**Instructions to follow**
Please write out only the lines from the line with "Photo measures 16" to the line with "Im Flur verstauen", inclusive, exactly as they stand below, without the pictures.

**Exercise data**
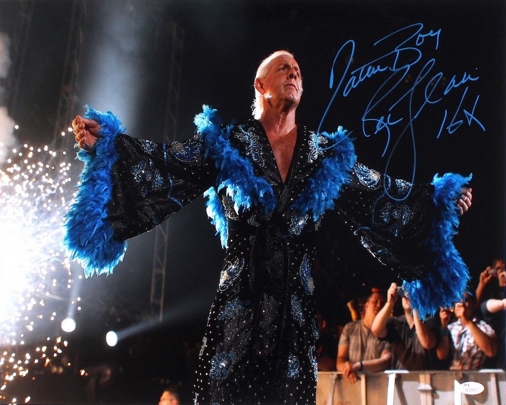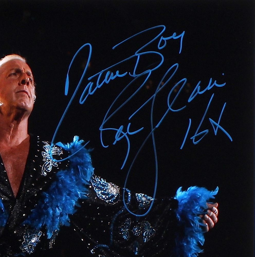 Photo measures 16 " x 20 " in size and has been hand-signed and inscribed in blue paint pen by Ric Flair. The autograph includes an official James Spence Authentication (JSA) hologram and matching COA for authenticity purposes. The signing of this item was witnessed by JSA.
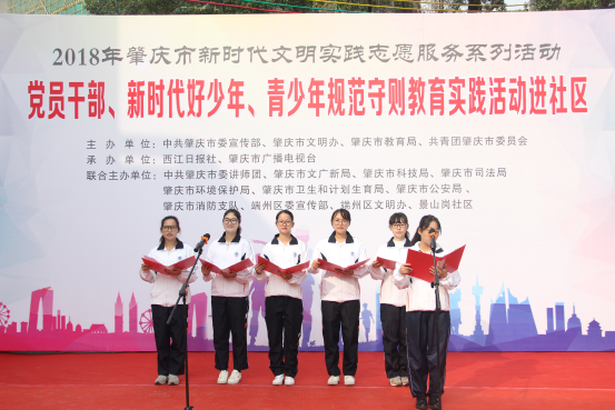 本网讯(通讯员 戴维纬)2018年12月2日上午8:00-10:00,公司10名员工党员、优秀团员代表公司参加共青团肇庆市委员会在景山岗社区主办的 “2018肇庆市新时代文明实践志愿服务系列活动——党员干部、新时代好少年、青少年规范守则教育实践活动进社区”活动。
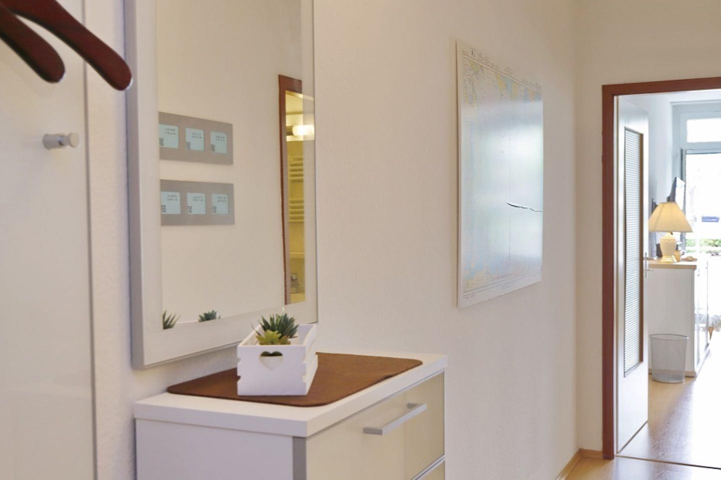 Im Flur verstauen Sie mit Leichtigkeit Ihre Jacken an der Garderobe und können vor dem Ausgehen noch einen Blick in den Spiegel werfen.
--
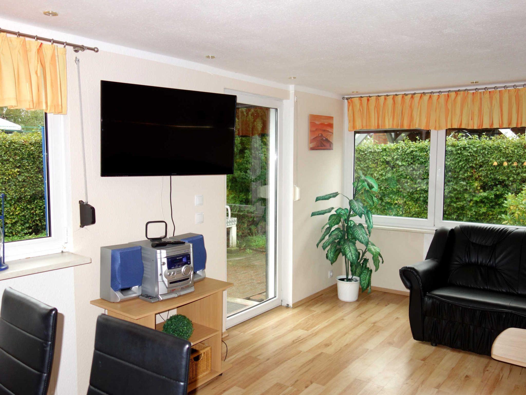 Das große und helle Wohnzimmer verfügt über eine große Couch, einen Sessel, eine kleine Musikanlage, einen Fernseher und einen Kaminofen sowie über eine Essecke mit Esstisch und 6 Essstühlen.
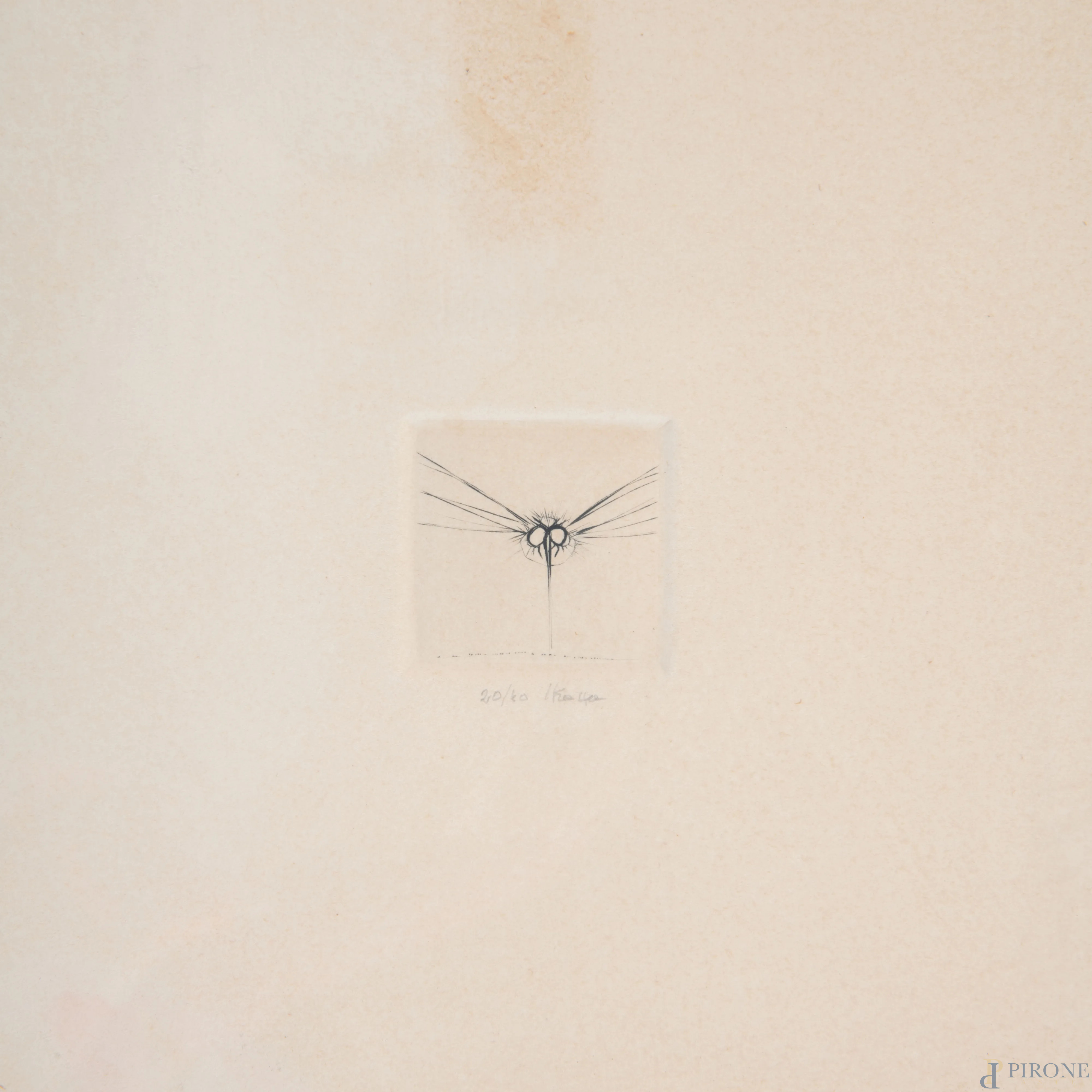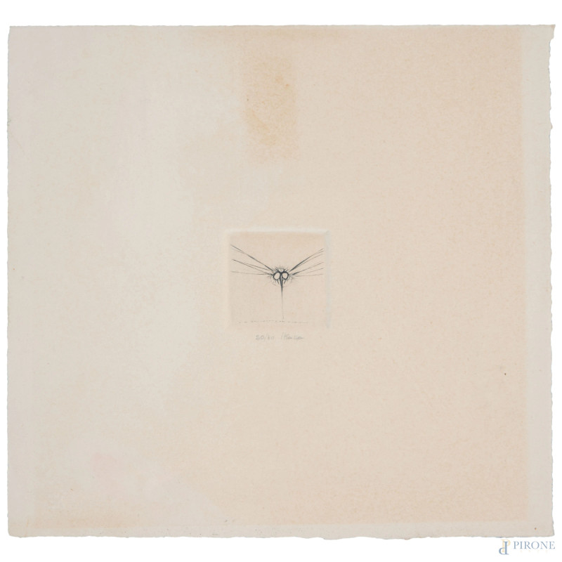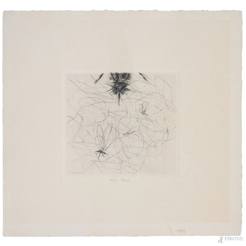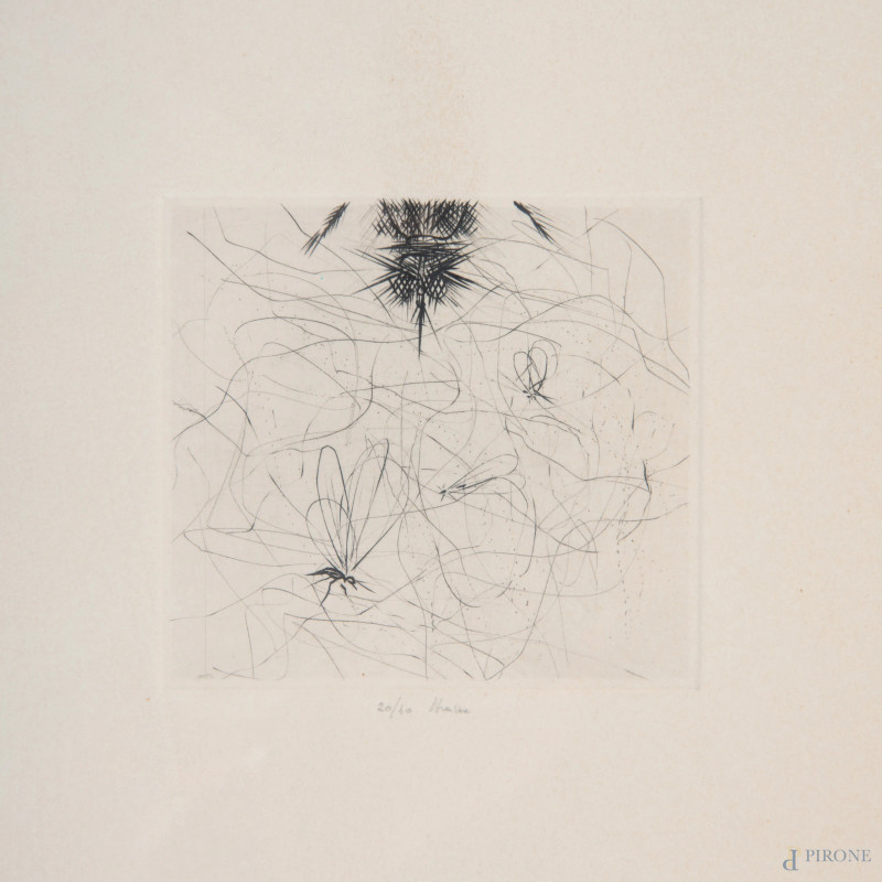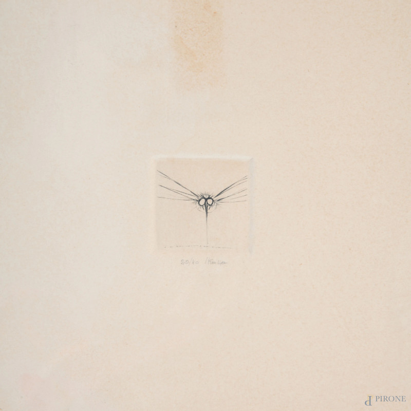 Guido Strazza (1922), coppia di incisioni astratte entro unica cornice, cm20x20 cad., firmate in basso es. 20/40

**Result**
 Photo measures 16 " x 20 " in size and has been hand-signed and inscribed in blue paint pen by Ric Flair. The autograph includes an official James Spence Authentication (JSA) hologram and matching COA for authenticity purposes. The signing of this item was witnessed by JSA.
 本网讯(通讯员 戴维纬)2018年12月2日上午8:00-10:00,公司10名员工党员、优秀团员代表公司参加共青团肇庆市委员会在景山岗社区主办的 “2018肇庆市新时代文明实践志愿服务系列活动——党员干部、新时代好少年、青少年规范守则教育实践活动进社区”活动。
 Im Flur verstauen Sie mit Leichtigkeit Ihre Jacken an der Garderobe und können vor dem Ausgehen noch einen Blick in den Spiegel werfen.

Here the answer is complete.